3. Set Endpoint and API Key#

Since GIE’s LLM assistant module uses OpenAI’s API, you should set your endpoint and API key before using it:

endpoint = "https://xxx" # use your endpoint 
api_key = "xxx" # replace to your own api key

4. Generate Graph Query Sentence from Questions#

In GIE’s LLM assistant module, the query_to_cypher function allows you to generate corresponding query sentences from provided questions.

from graphscope.langchain_prompt.query import query_to_cypher

Simply define your question and pass it to query_to_cypher. It will generate the corresponding Cypher queries based on the question and the information of the loaded graph.

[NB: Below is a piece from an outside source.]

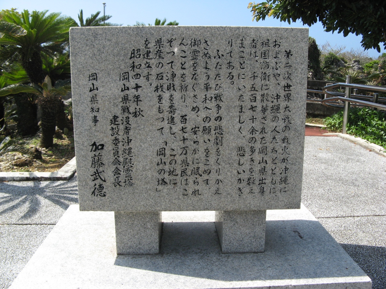 『第2次世界大戦の戦火が沖縄におよぶや、沖縄の人たちとともに、祖国防衛に散華された岡山県出身者は、 1,570余の多きを数えまことにいたましく、かなしいかぎりである。ふたたび戦争の悲劇をくりかえさぬよう平和への願いをこめて、御霊をなぐさめ、安らかに眠られんことを祈り、 170万県民はこぞって浄財を寄進し、この地に県産の石材をもって「岡山の塔」を建立す。』

Here’s an example of the LLM assistant generating Cypher queries for the question, ‘Whose son is Baoyu Jia?”

from graphscope.langchain_prompt.query import query_to_cypher
question = "贾宝玉是谁的儿子?"
cypher_sentence = query_to_cypher(graph, question, endpoint=endpoint, api_key=api_key)
print(cypher_sentence)

The query sentence would be like:

MATCH (p:Person)-[:son_of]->(q:Person)
WHERE p.name = '贾宝玉'
RETURN q.name

Please note that the generated query sentence may not be 100% correct, and you have the option to edit the query sentence as needed.

5. Execute Generated Query Sentence with GIE#

Lastly, you can execute the generated Cypher query in the built-in GIE interactive sessions. Here is an example.

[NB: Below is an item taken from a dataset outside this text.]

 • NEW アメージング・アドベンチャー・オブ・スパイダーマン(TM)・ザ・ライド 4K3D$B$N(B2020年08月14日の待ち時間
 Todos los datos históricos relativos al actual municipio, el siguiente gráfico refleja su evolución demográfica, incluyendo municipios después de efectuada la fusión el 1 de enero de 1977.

# Start the GIE interactive session
g = gs.interactive(graph, params={'neo4j.bolt.server.disabled': 'false', 'neo4j.bolt.server.port': 7687})
# Submit the query sentence
q1 = g.execute(cypher_sentence, lang="cypher")
# Check the query results
print(q1.records)

Here the output would be “贾政”, which is accurate according to the story of Dream of the Red Chamber.